I’m sorry, am I on glue? What kind of loving father methodically removes leaves from a tree branch taking the time to plan out physical abuse on a 4-year old child? I hope this big, bad NFL player feels super manly now that he’s inflicted “cuts and bruises to areas including his back, buttocks, ankles and legs” on his little boy. This was done as punishment for the child pushing one of his siblings. Logically, it makes sense, amirite? Well, maybe to a total moron. Your kid pushes someone and you punish them by making your own special weapon and inflicting physical abuse that goes far beyond a little push. The puzzle pieces are clicking into place for me now, I get it Adrian Peterson! I mean, this sounds precisely like what a loving father would do and is also a totally logical punishment by the standards of an abusive piece of crap. But wait, there’s more:
“Adrian will address the charges with the same respect and responsiveness he has brought to this inquiry from its beginning,” Hardin said. “It is important to remember that Adrian never intended to harm his son and deeply regrets the unintentional injury.”
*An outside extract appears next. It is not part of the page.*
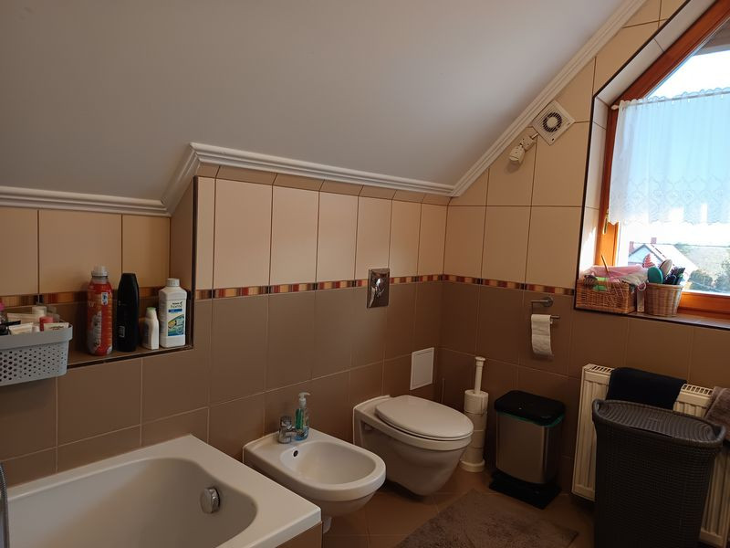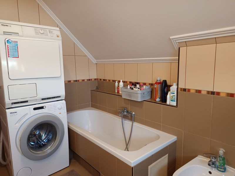 Fűtés, meleg víz ellátás: Az ingatlan fűtését kondenzációs gázcirkó látja el, minden helyiségben radiátoros hőladókon keresztül, illetve rendelkezésre áll egy cserépkályha is, valamint kandallónak alkalmas kémény is kiépítésre került. A tetőtérben külön vezérelhető a fűtés. A meleg vizet gázbojler szolgáltatja.

Oh, duh! In removing leaves from a branch with the intent to use that bare branch to whip his pre-schooler I’m sure he NEVER intended to injure him- it was just for a tickle, right? And no doubt, that regret crept in only when he realized this incident may jeopardize his precious football career. This makes me physically ill on it’s own but coupled with the knowledge that Peterson’s 2-year old son was killed last year at the hand’s of his mother’s boyfriend in a physical assault really gets me scratching my head. To know that you’ve lost one child to horrible violence inflicted by a grown man really makes me wonder why anything resembling that would make it into your discipline repertoire as a parent going forward.
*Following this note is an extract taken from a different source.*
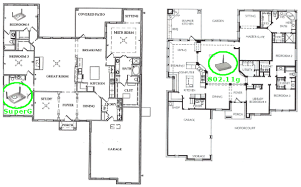 Super G Turbo и обычное 802.11g устройства находятся в соседних домах (к сожалению, никакой информации по расстояниям не приводится):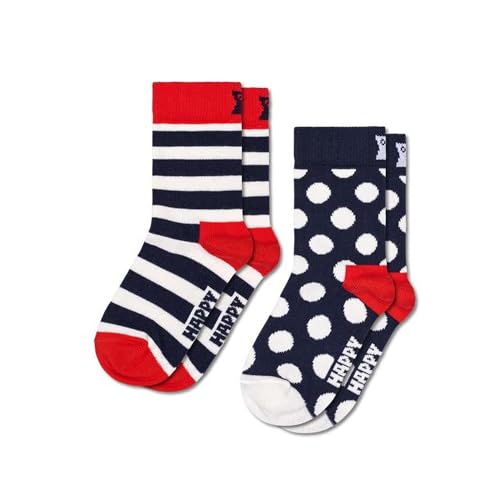 Happy Socks Stripe, färgglada och roliga, Strumpor för barn, Blå-Röd-Vit 2 par (12-24M)

As far as my opinion and feelings on physically harming a child as punishment? I think you can tell by my tone that it is not something I agree with in general but I obviously realize that there is a huge difference in using a weapon to harm your child and a quick spank out of anger. From what I have read about spanking as punishment and conclusions I can draw on my own, I honestly don’t see the value in it but there is clearly a distinction between that and whipping a small child with a “switch”. When you employ a weapon to punish your child you will probably create a violent human being who continues that kind of behavior throughout their life. I don’t know what other conclusion a child could draw from it. I hope that anyone seeing this story in the news who uses this kind of discipline puts away the switch and realizes it is not right. At all.